**What you need to do**. Set down, exactly and only, everything from the line containing "8.2帖(2階)・洋室 5.2帖(2階)x2・収納(2階) |" down to the line containing "Keeping your food" in the data below; the pictures are not part of the copy.

**The records**.
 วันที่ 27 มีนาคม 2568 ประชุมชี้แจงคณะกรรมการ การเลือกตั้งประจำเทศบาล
* * *
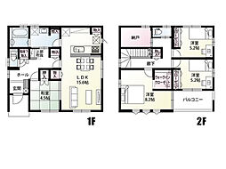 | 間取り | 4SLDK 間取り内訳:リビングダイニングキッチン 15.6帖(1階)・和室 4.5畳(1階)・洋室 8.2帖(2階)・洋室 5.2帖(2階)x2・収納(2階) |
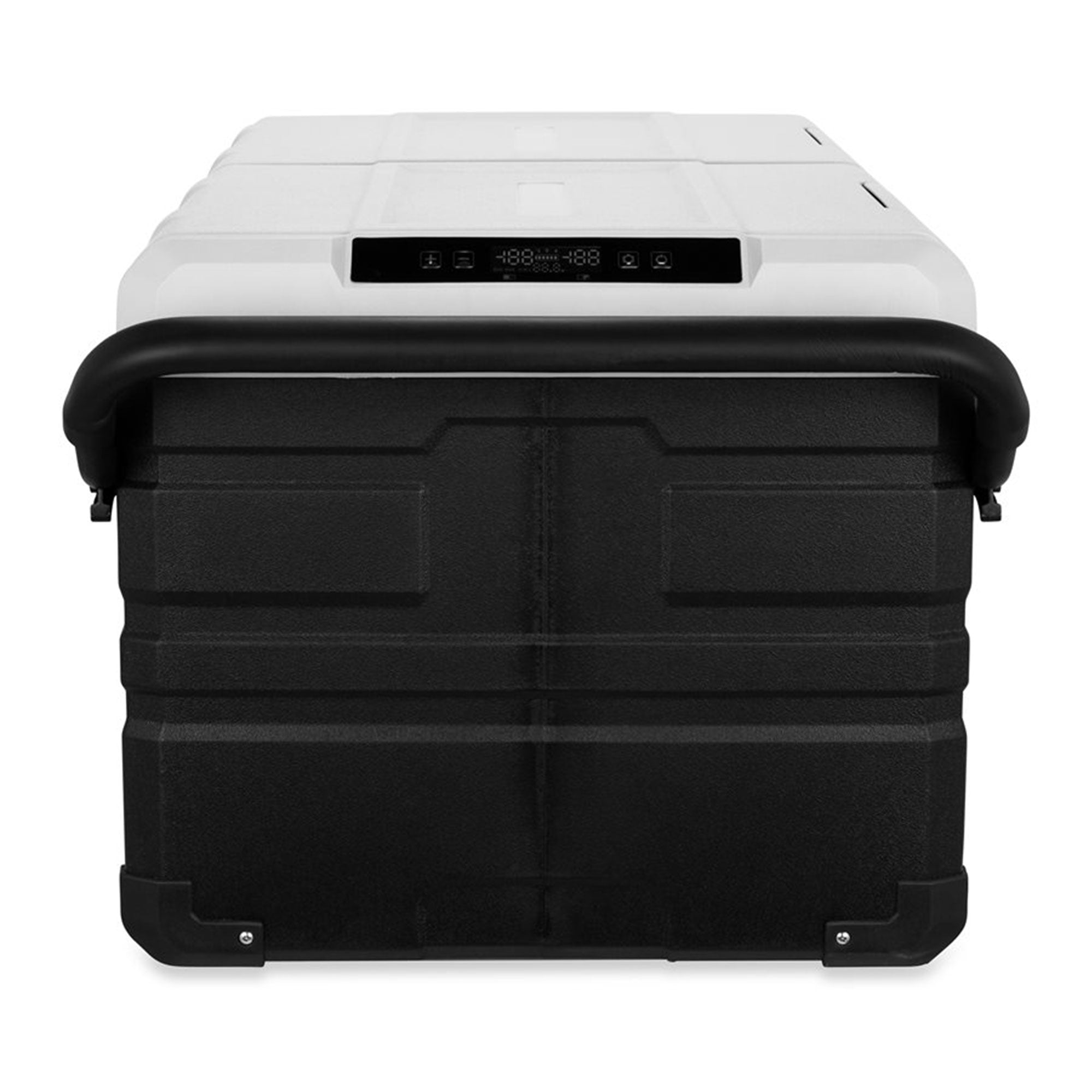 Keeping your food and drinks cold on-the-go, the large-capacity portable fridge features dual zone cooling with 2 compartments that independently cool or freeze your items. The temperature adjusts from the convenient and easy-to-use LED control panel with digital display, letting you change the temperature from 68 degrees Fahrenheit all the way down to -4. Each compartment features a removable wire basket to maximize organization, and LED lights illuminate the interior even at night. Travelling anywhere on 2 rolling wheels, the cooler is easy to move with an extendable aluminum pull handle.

**Answer space**.
 | 間取り | 4SLDK 間取り内訳:リビングダイニングキッチン 15.6帖(1階)・和室 4.5畳(1階)・洋室 8.2帖(2階)・洋室 5.2帖(2階)x2・収納(2階) |
 Keeping your food and drinks cold on-the-go, the large-capacity portable fridge features dual zone cooling with 2 compartments that independently cool or freeze your items. The temperature adjusts from the convenient and easy-to-use LED control panel with digital display, letting you change the temperature from 68 degrees Fahrenheit all the way down to -4. Each compartment features a removable wire basket to maximize organization, and LED lights illuminate the interior even at night. Travelling anywhere on 2 rolling wheels, the cooler is easy to move with an extendable aluminum pull handle.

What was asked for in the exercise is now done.